They (including the Summerlands website) all say "remove the three screws holding the smoke-box to the chassis. I went to the RH website and downloaded the handbook. Nothing there. I then downloaded the "HBK5 LADY ANNE BOILER KIT" instructions. On the bottom of page 4, it says to fit the boiler into the smoke-box which should be screwed firmly to the chassis. 

My problem is that the smoke-box has only two screws. One is under the smoke-box. The only way I can see to get at it is to remove the boiler, which I'm not going to do. I think the early LADY ANNE designers realized the difficulty and re-designed it, removing the "under the boiler" screw and replacing it with the two beside the smoke-box screws.


----------



## weaverc (Jan 2, 2008)

I have no experience with a Lady Ann, only a Billy and a SR24. 

Here are my thoughts. Have you removed the single screw on the top to see if only one screw holds the smoke box in place?
OR
If you have a smoke box door that opens after you unscrew the center latch, try this:


1. Open the smoke-box to see the exhaust pipe which runs from the brass reversing block between the cylinders, up into the chimney. This pipe is screwed into a 3mm threaded hole in the block.

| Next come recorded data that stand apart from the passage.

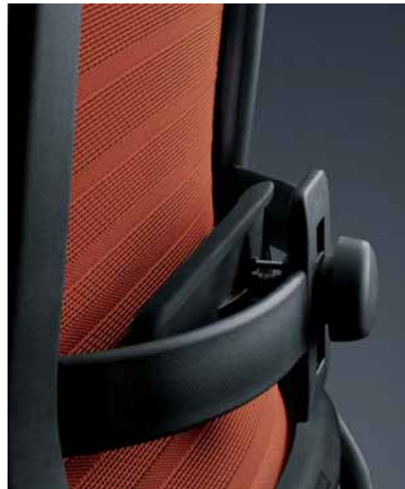
Höhen- und tiefenverstellbare, mechanische Lordosenstütze der Netz-Ausführung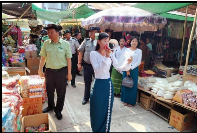
နတ်မောက်မြို့နယ်၌ မုန်တိုင်းအန္တရာယ် အသိပညာပေးလက်ကမ်းစာစောင်များဖြန့်ဝေနေမှု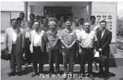
㈱ササキ本社前にて

7月7日(金)・8日(土) 17名の参加のもと、視察研修会を開催しました。1日目は、蕪崎市商工会へ表敬訪問し、

2. Using a pair of needle nosed pliers, unscrew the pipe gently. Do not bend or force it. I should be well oiled and come out easily.


3. Push the freed pipe up and remove it out the chimney. If you look cown the smoke stack, you shouldl see the threaded hole the pipe came from.

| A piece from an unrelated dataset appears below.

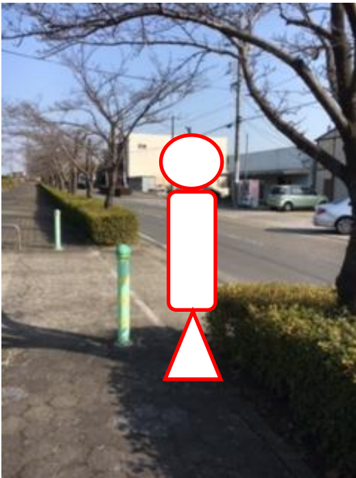
上り（稲沢市民病院行き）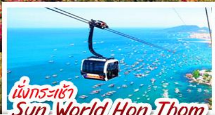
นั่งกระเช้า Sun World Hon Thom

4. Put a piece of tubing over the upper end and feed the chuffer down the chimney and screw it into the 3mm threaded hole in the reverser block. It does not have to be super tight.
5. Check that the Chuffer's slot is clear of the chimney wall so that the exit hole is not blocked. You can put a very slight bend in the copper pipe if necessary.

OR
By the way, isn't this one of the three smokebox screws? All three are on top. This is the way it is on my Billy. This is a picture of a Lady Anne.


----------



## Bill4373 (Jan 3, 2008)

Carl, 

when the front screw is removed, the smoke-box plate can be ziggled (?) and one observes the plate being moved around the rear screw. 

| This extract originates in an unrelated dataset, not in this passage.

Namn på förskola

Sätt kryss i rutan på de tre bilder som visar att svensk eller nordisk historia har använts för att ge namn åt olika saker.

the smoke-box door does not open 

My Billy has the 3 screws to hold down the smoke-box, which makes it easy to remove the smoke-box; Lady Anne has only the 2 screws holding the smoke-box plate to the chassis. 

So, I'll await an answer from either/or Summerland/Roundhouse. 

Think I'll have another glass of red wine to think about the subject...


----------



## weaverc (Jan 2, 2008)

Ahhh,
Good idea. Pour wine on the smoke box and see if it falls off.
I'm sorry you're having a hard time with this. Are you sure the smoke box does not open like the Billy. That wing nut in the center of the door is actualy a bolt that holds the door to a threaded bar. I thought my Billy door didn't open until I uscrewed the thingy.
Oh well, Summerlands will have the answer.


----------



## TonyW (Jul 5, 2009)

I have two Lady Annes and can confirm that the smokebox door does NOT open. The smokebox is a brass casting, as is the door, and the door is silver-soldered into the smokebox. It can only be removed by use of a BIG gas torch!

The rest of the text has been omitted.